**TASK ITEM**
Each line in the records below, from the one that contains "3.1. En el campo" to the one that contains "热烈祝贺杭州灰色调画室余泓蔓同学", should be reproduced exactly, the first and last included.

**MATERIAL FOR THIS TASK**
= Beginning of Section =
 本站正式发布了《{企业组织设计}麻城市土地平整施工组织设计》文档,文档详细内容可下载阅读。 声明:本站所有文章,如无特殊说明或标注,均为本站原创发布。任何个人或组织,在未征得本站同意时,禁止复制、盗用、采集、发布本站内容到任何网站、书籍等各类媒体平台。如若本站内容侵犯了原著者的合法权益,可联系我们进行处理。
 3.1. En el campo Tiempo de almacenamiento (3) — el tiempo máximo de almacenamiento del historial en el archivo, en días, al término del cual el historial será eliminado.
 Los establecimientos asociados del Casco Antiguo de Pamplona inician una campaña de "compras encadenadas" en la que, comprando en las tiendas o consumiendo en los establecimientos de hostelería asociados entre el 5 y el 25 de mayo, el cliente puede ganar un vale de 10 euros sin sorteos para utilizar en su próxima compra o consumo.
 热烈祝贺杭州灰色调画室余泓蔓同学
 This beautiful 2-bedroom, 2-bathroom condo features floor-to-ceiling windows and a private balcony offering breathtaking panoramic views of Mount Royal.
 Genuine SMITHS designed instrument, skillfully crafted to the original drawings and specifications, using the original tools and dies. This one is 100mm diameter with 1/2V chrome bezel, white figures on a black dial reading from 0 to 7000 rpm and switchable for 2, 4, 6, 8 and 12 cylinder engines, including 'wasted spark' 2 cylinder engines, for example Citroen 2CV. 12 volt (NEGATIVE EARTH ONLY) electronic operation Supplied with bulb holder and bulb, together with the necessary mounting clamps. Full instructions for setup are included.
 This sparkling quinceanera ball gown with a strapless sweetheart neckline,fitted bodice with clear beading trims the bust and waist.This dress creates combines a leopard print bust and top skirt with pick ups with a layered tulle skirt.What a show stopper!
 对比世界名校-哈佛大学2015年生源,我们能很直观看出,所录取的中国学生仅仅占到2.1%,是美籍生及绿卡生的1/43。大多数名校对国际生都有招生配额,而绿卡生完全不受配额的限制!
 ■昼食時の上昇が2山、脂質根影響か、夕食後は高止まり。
= End of Section =
= Beginning of Section =
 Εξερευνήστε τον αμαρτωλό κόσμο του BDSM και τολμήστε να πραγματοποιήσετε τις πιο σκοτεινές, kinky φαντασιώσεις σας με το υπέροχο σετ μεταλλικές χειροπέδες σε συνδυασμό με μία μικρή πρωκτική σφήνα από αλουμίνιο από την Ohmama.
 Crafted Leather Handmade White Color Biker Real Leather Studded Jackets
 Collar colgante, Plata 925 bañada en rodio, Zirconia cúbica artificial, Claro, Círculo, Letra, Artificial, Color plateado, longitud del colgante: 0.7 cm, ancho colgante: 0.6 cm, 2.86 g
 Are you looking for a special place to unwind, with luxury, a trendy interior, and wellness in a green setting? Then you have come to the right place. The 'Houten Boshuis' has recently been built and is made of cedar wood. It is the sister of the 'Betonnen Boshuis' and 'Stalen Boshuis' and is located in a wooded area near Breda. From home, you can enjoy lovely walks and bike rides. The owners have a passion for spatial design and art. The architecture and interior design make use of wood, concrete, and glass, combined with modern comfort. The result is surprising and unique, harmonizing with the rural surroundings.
= End of Section =
**EXERCISE OUTPUT**
 3.1. En el campo Tiempo de almacenamiento (3) — el tiempo máximo de almacenamiento del historial en el archivo, en días, al término del cual el historial será eliminado.
 Los establecimientos asociados del Casco Antiguo de Pamplona inician una campaña de "compras encadenadas" en la que, comprando en las tiendas o consumiendo en los establecimientos de hostelería asociados entre el 5 y el 25 de mayo, el cliente puede ganar un vale de 10 euros sin sorteos para utilizar en su próxima compra o consumo.
 热烈祝贺杭州灰色调画室余泓蔓同学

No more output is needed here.